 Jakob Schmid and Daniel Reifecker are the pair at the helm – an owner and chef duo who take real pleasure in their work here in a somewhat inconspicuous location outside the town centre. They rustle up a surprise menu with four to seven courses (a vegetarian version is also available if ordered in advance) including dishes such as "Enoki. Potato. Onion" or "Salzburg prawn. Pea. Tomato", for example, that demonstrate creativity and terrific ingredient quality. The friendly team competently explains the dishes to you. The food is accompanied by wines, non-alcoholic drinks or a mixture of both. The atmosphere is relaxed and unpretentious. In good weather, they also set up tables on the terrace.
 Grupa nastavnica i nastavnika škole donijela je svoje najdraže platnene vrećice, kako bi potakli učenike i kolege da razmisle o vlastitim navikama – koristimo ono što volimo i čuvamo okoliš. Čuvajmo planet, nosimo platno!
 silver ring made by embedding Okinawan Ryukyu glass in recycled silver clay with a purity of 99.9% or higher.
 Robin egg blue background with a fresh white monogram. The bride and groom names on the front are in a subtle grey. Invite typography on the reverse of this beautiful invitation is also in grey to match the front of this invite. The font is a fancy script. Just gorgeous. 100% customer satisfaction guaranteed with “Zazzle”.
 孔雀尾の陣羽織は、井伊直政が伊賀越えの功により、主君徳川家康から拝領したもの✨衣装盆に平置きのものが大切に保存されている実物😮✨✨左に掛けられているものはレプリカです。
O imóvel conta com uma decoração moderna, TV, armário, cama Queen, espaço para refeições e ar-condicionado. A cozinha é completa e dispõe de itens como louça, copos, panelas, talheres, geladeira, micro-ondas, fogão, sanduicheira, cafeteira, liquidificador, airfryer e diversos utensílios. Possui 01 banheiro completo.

--

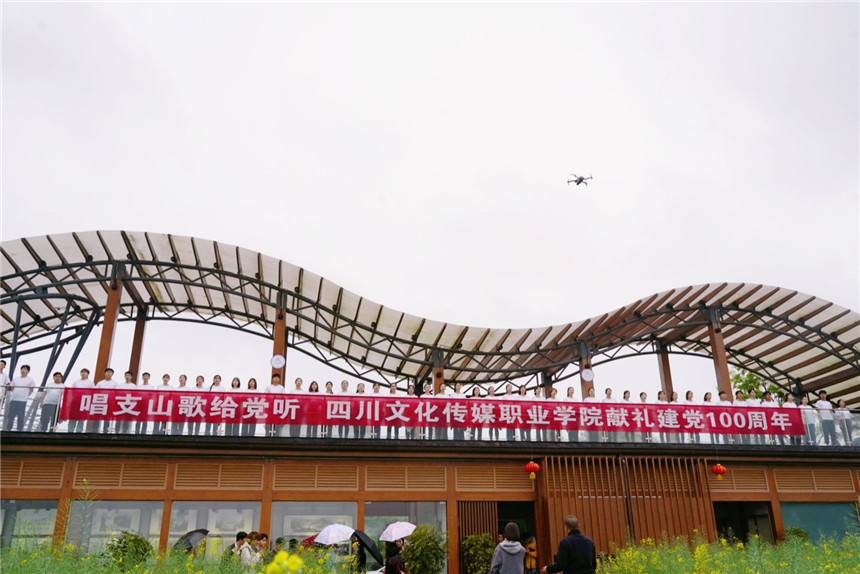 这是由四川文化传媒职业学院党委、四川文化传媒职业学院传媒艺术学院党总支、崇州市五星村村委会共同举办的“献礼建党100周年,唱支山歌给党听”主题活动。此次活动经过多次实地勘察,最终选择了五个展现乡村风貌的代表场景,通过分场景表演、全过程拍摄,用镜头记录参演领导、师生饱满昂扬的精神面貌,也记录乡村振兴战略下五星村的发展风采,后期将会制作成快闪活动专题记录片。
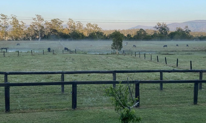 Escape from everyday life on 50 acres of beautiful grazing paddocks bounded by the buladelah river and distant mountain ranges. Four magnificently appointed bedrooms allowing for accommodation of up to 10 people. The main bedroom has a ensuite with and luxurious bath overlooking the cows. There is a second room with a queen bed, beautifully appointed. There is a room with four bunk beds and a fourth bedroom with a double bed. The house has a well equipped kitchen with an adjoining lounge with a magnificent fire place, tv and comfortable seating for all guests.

==

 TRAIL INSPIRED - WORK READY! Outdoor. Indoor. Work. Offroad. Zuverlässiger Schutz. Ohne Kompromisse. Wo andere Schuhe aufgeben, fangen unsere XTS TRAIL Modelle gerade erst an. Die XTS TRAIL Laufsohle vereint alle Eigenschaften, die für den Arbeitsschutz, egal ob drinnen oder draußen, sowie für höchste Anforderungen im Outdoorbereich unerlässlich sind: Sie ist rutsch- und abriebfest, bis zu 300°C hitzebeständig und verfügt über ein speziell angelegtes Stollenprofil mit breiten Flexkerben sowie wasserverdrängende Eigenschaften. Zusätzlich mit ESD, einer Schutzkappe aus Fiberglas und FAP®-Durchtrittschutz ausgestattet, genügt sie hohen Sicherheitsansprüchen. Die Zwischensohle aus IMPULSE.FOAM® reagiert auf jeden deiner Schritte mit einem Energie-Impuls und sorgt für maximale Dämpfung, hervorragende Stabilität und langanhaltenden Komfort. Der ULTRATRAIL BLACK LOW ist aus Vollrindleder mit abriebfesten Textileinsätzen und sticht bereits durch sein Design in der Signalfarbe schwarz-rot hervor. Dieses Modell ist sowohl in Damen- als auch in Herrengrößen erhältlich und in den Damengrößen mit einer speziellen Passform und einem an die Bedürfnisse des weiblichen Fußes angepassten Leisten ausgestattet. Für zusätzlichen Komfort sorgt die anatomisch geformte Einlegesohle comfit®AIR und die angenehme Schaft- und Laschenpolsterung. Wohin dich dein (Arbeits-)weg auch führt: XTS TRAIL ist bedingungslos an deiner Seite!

→ **Exercise goal**:
Lines wanted from the listing above: the line with "孔雀尾の陣羽織は、井伊直政が" up to and including the line with "O imóvel conta". Please write them out exactly, adding nothing else.

→ **Answer to this task**:
 孔雀尾の陣羽織は、井伊直政が伊賀越えの功により、主君徳川家康から拝領したもの✨衣装盆に平置きのものが大切に保存されている実物😮✨✨左に掛けられているものはレプリカです。
O imóvel conta com uma decoração moderna, TV, armário, cama Queen, espaço para refeições e ar-condicionado. A cozinha é completa e dispõe de itens como louça, copos, panelas, talheres, geladeira, micro-ondas, fogão, sanduicheira, cafeteira, liquidificador, airfryer e diversos utensílios. Possui 01 banheiro completo.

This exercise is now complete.